In any event, by regarding the second half of Vertigo as a dream, the movie as a whole becomes more realistic. The murder plot revealed in the second half is far-fetched and would have been extremely difficult to arrange. Elster would have had to get his wife to wear the same clothes that Judy was wearing that night, find some reason to get her up to the bell tower, break her neck, and then wait for Judy to arrive before throwing the real Madeleine out of the tower.  And then he would have to hope that Ferguson would not look at the body and discover that it was a different woman.  There are easier ways for a man to get rid of his wife than that. The idea that Madeleine was mentally unbalanced, had found out about her great-grandmother and become obsessed with her story, leading her to commit suicide, is much easier to believe.

Furthermore, the Judy of the second half of the movie appears to be lower class, whereas the Madeleine of the first half strikes us as middle class.  We would have to believe that Elster was like Professor Higgins to Judy’s Eliza Doolittle of My Fair Lady (1964), but that once the murder was accomplished and Judy was abandoned by him, she lapsed back into her lower-class mannerisms.

Finally, Midge is not seen in the second half of the movie. She represents rationality and common sense, as well as being the woman Ferguson should have married. Her absence in the second half of the movie is an indication that only irrational forces are at work in his wish-fulfilling dream. By dreaming that the woman he loved really did not die that night, that she was involved in a murder plot to kill the real Madeleine, he absolves himself of any responsibility for her death.

North by Northwest (1959)

Icebox Scenes in North by Northwest

Alfred Hitchcock is said to have formulated the principle of “fridge logic” when discussing the movie Vertigo (1958).  When asked about something in the movie that did not make sense, when Madeleine (Kim Novak) disappears from a hotel, he referred to it as an “icebox scene.”  The idea is that if there is an inconsistency or absurdity in a movie, but the viewer does not realize it until he gets home and starts pulling a piece of cold chicken out of the icebox for a snack, then the inconsistency or absurdity does not matter, because he has already enjoyed the movie.  Although as a historical matter, it is the movie Vertigo that is associated with this principle, North by Northwest exemplifies it like no other movie he ever made.

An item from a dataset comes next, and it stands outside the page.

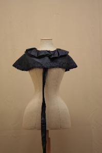 Collo alla pellegrina in taffetas nero, a due strati, quello superiore, in due strati, a gale, e quello inferiore porta, lungo il bordo, un ricamo in perline che disegna volute, mentre l'orlo è rifinita da una farngia eseguita con un nastri di taffetas tagliato. Doppito in taffetas. Chiusura data da un nastro in taffetas nero..

The first time we watch this movie, we experience it from the point of view of a man that gets mistaken for a government agent.  Although there are a few scenes that we see where the protagonist is not present, giving us a little extra information, we are pretty much in the dark about things as he is. But once we have seen the entire movie, it becomes possible to look at his situation objectively, or rather, from the point of view of the spies and the actual government agents.  It is then that we notice things that seem inexplicable.

When Hitchcock made that remark about fridge logic, people mostly watched a movie once and that was it. There was no cable television, no video cassettes, no DVDs, and no streaming.  An old movie might show up on television, on the Late Show, and a really good movie might be brought back to the theaters after several years, but that was something of an exception.  Today, it is not at all uncommon for people to watch movies several times, and this makes icebox scenes more problematic than previously. I have a friend who says he just can’t watch North by Northwest anymore because of all the stuff that doesn’t make any sense, and I confess that I have felt the same way at times.  And that’s a shame, for in other respects, this is one of the best movies Hitchcock ever made.

As a result, I set about the task of trying to rationalize the icebox scenes in this movie, and while I cannot say that I have been completely successful, I did manage to make it possible for me to watch the movie again and thoroughly enjoy it one more time.  The results of my efforts are presented here.  That being my purpose, I have decided that rather than start when the protagonist is introduced to us at the beginning of the movie, we should consider the relevant events in the order in which they occurred.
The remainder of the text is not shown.